New technologies—television in particular—radically altered America’s relationship with the material world. In 1948, only 350,000 homes had television sets. Five years later, in 1953, television ownership had exploded reaching 25 million homes. Suddenly, half of all American households had a hulking brown cube in their living rooms through which merchants cycled a steady stream of promotional messages. A wave of lively and sometimes aggressive advertising rolled over the country and spurred record levels of consumption. Advertising expenditures soared, prompting progressive economist John Kenneth Galbraith to decry the creation of “desires . . . to bring into being wants that previously did not exist.” Television advertising was particularly vital for the low-service discount chains that, with no experienced salesforce to push product, relied on the customer to come to their stores pre-loaded with wants.
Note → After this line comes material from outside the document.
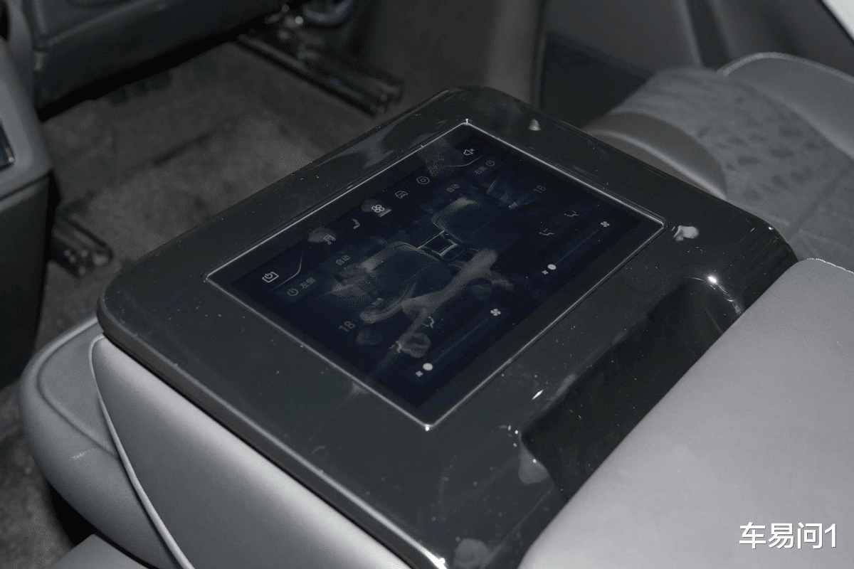 进入到驾驶舱,车辆采用了T型扇形对称造型打造,中央为12.8英寸纵置OLED触控屏,主副驾驶分别布局了23.6英寸数字仪表盘与23.6英寸MINI LED娱乐屏,而车辆后排也布局了7.0英寸多媒体控制屏以及双12.8英寸独立娱乐屏,配合前排顶部的流媒体后视镜、投影面积为70英寸的AR-HUD抬头显示系统,全车共有8块可用或可观看的“屏幕”。同时,车辆双排均布局了50W无线充电板,而方向盘、座椅均为高级真皮覆盖,中控屏下方则提供了拨杆式越野与常用功能控制键。另外,集成了怀挡的方向盘处,还提供了旋钮来控制驾驶模式的选择。

The postwar boom of the late 1940s and 1950s found the working and middle classes actively seeking better homes, better furniture, more and better medical care, fancier cars, and more exotic travel. As war shortages faded into memory, the challenges of industry remained not in the production of goods but in the selling of them. There was more than enough stuff to go around; the challenge was unloading it at a profit. As the 1950s bled into the 1960s, further increased efficiencies cleared the way for still more products to be made, sparking still more price competition. Computers, although laughably primitive by today’s standards, were in the early 1960s nothing short of miracles. The room-sized card-fed IBM behemoth stored more information and processed more data than could small armies of humans. Described as a “wondrous combination of the traveling salesman, mathematical genius, and the Sears, Roebuck catalogue,” the computer vastly streamlined distribution, giving retailers still more power. Thanks to the new technology, store owners no longer had to wait five days or more for their merchandise; they could demand next-day delivery and get it. And because of this remarkable “just-in-time” distribution capability, suppliers were no longer free to dump piles of goods into a customer’s warehouse with the understanding that the retailer would eventually find the market. It was now up to the manufacturer, not the retailer, to manage inventory and to pay the price if supply got out of sync with demand. The trick was to hold inventories to a minimum without getting caught short. If a manufacturer couldn’t provide the right item at the right price, the retailer simply went elsewhere. Manufacturers felt great pressure to keep their own inventories well stocked—at significant cost to themselves—while at the same time offering retailers the lowest possible wholesale price.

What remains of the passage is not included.